Gerald Levy (glevy@pratt.edu)
Fri, 7 May 1999 06:25:16 -0400 (EDT)

Ajit wrote in [OPE-L:955]:

> Who said that all the inputs must be bought at the same time etc.?

I thought you did. If I am mistaken, then I stand corrected.

> It is you who said that there was something called input prices and
> output prices and they differed from each other due to lapse of
> time between the two.

No, I didn't say that was the reason *why* they differ. They differ since
they represent different commodities: "inputs" (the means of production
and labour-power needed to produce the commodity output during the next
period) and "output" (the commodity output for the preceding period). [Of
course, this isn't quite correct since the constant fixed capital
purchased in one period would depreciate over a multi-period of time].

> Now, you are saing that there is lapse of
> time for "input prices" itself, so you don't have *an* input price
> for a commodity but several.
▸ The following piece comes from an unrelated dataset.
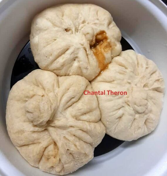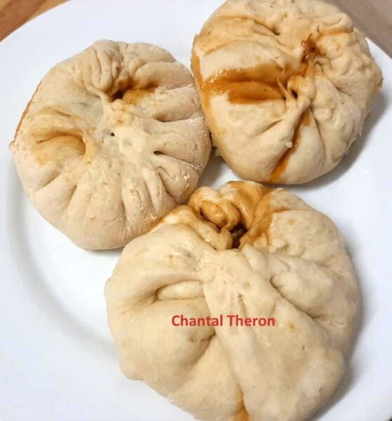 Vir die soos ek, wie nie ‘n bamboo stoomer of iets het vir ‘steamed buns’ nie. Dit werk dalk nie soooo goed soos ‘n stoomer sou nie, maar ek het gedink dis steeds effektief en het lekker uitgekom, behalwe vir die buitekant wat nie klammerig is soos dit blykbaar behoort te wees nie. Ek het my mikrogolf stoombak se gaatjies oop gelos, so sal dalk volgende keer eerder toemaak. Ek kort nog oefening om hul mooi bo toe te ‘draai’…
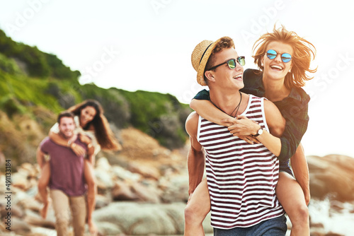 Tell me where you wanna go.... Cropped shot of two affectionate young couples enjoying their time on the beach.

This should create serious problem for
> your own formulation and bring to you the problem with your
> understanding of the concept of prices.

It's not a problem for me since I don't accept the "law of one price".

> As far as my position is
> concerned, it creates absolutely no problem. Price is defined only
> for a point in time. Whether the commodity is bought to be used as
> input or whatever is not even the concern for the definition of
> price. In a well defined "market" one price prevails for a
> commodity at a given point of time.

Since you are making an empirical suggestion, what is the empirical
evidence that you are referring to? Moreover, since you evidently include
this to mean contemporary markets, perhaps we should have a discussion of
price determination in oligopolistic markets (the most common "defined"
market type in contemporary capitalist economies).

> Let's suppose a commodity is produced and
> is unsold for sometime, in the meanwhile the technology changes and
> the price of such commodties fall. What happens to the old
> commodity? Its price falls too.

Yes, it's price drops, including possibly to -0-. Even if the price
dropped to -0-, there would be conditions in which the commodity might
not be able to be sold (there are plenty of examples of this in
agriculture).

> Why? Because there can be only
> one price of a type of commodity in one market at a given point in
> time.

The LOOP abstracts from such questions as brand loyalty, advertising, and
product differentiation. In other words, it abstracts from what
happens *typically* in oligopolistic markets.